La perception, par exemple, est amalgamante : tout se mêle dans les informations que nous recevons, elles sont "brutes", se mélangent, se complexifient. Je regarde par ma fenêtre : le vois la lumière, le vent, les feuilles... A travers ces données, je connais l'heure de la journée, l'intensité du rayonnement solaire, le sens dans lequel souffle le vent, son effet régulateur sur la température, je perçois la saison à laquelle nous sommes. Mais également le temps qu'il fera dans les heures qui viennent, le nombres d'années dans lesquelles il faudra intervenir pour rénover les bâtiments... Rajoutons à ces seuls éléments visuels les informations perçues par l'ouïe ou par la peau : en un simple coup d'oeil de quelques secondes, ce sont plusieurs centaines d'informations qui m'ont été communiquées, plus ou moins consciemment.
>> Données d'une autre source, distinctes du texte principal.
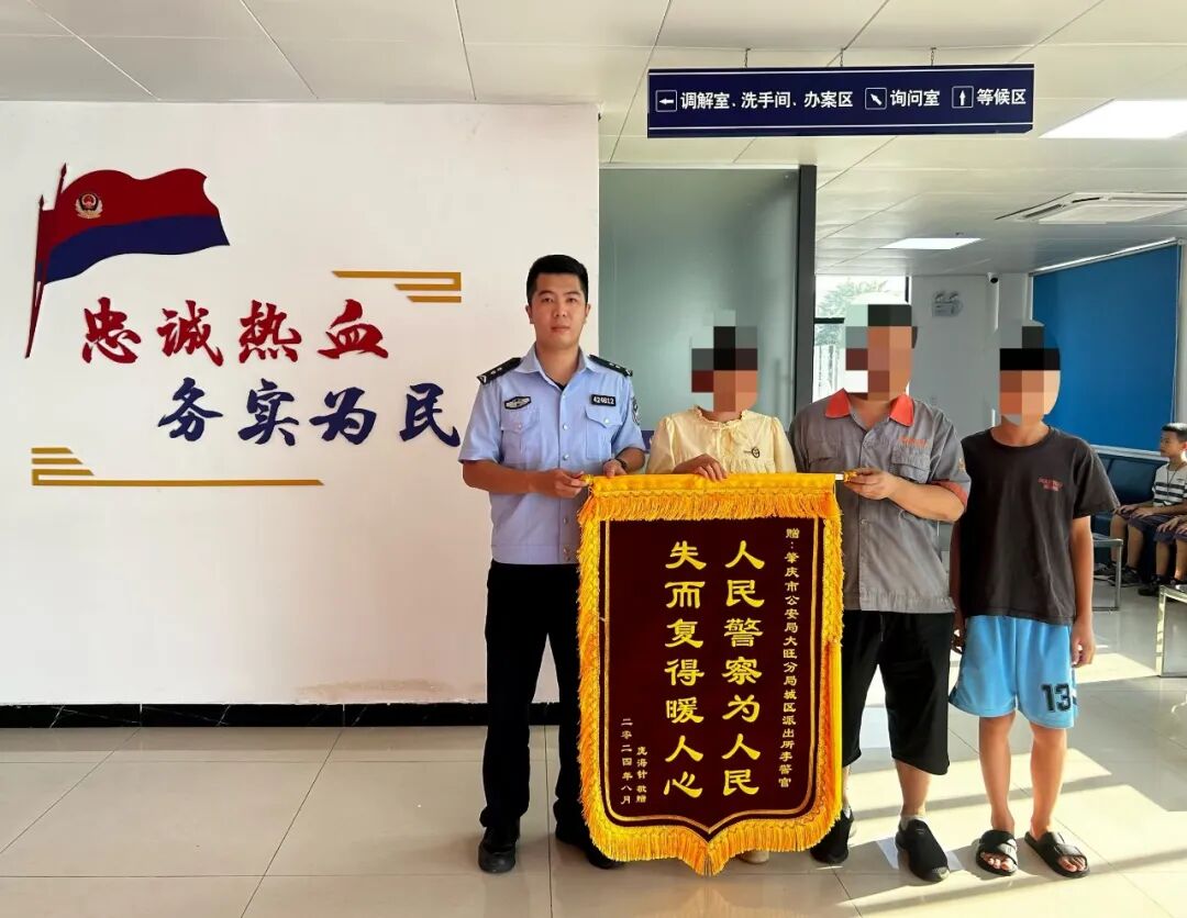 5天后,该男子与其妻子冉女士把一面印着“危难时刻见警心,感谢人民好警察”的锦旗送到黄守健与李瑞华手中,并对大旺公安的及时救助表示深深的谢意。

Penser l'ensemble par "petits morceaux", en le simplifiant, est beaucoup plus réalisable. Descartes nous l'apprenait : pour surmonter une difficulté, il faut commencer par la décomposer. "[...]de diviser chacune des difficultés que j'examinerais, en autant de parcelles qu'il se pourrait, et qu'il serait requis pour les mieux résoudre". (Discours de la méthode).

Là où la question "Avez-vous vécu une enfance heureuse" ne pourra pas être pensée facilement, la décomposition de l'enfance en phases chronologiques et l'analyse objective de chacune de ces phases pourra permettre d'obtenir une réponse plus élaborée, plus juste, qu'une réponse directe.

Une fois que nous avons sélectionné ce qui nous importe d'examiner, il faut retirer tout ce qui y est subjectif, sensible, en un mot tout ce qui risque de nous parasiter lors de la réflexion. Le résultat s'appelle une abstraction : une chose isolée qui n'est pas déformée par les sens. C'est un bout de la réalité auquel nous aboutissons par une démarche strictement intellectuelle.

Ainsi, une décision qui apparaîtra comme bonne dans un contexte donné se révélera catastrophique une fois analysée abstraitement :
quel intérêt à exposer ses hommes en les faisant pourchasser une poignée de fuyards ? Pourquoi retarder une échéance qui ne peut qu'intervenir ? Pourquoi se maintenir dans une situation qui ne génère que des effets négatifs à moyen terme ?

L'abstraction, de par la simplification qu'elle introduit, permet de réappréhender logiquement un ensemble, ce qui est plus difficile à réaliser quand on perçoit les faits dans leur complexité, dans leur globalité.


A réfléchir également : l'abstraction permet de passer d'une logique d'évènements (un fait, une chose, un sentiment) à une logique de relations (une cause, une conséquence, un résultat). L'abstraction permet d'articuler les évènements entre eux, leur donnant ainsi un relief là où leur simple perception les réduit à une énumération ou une description.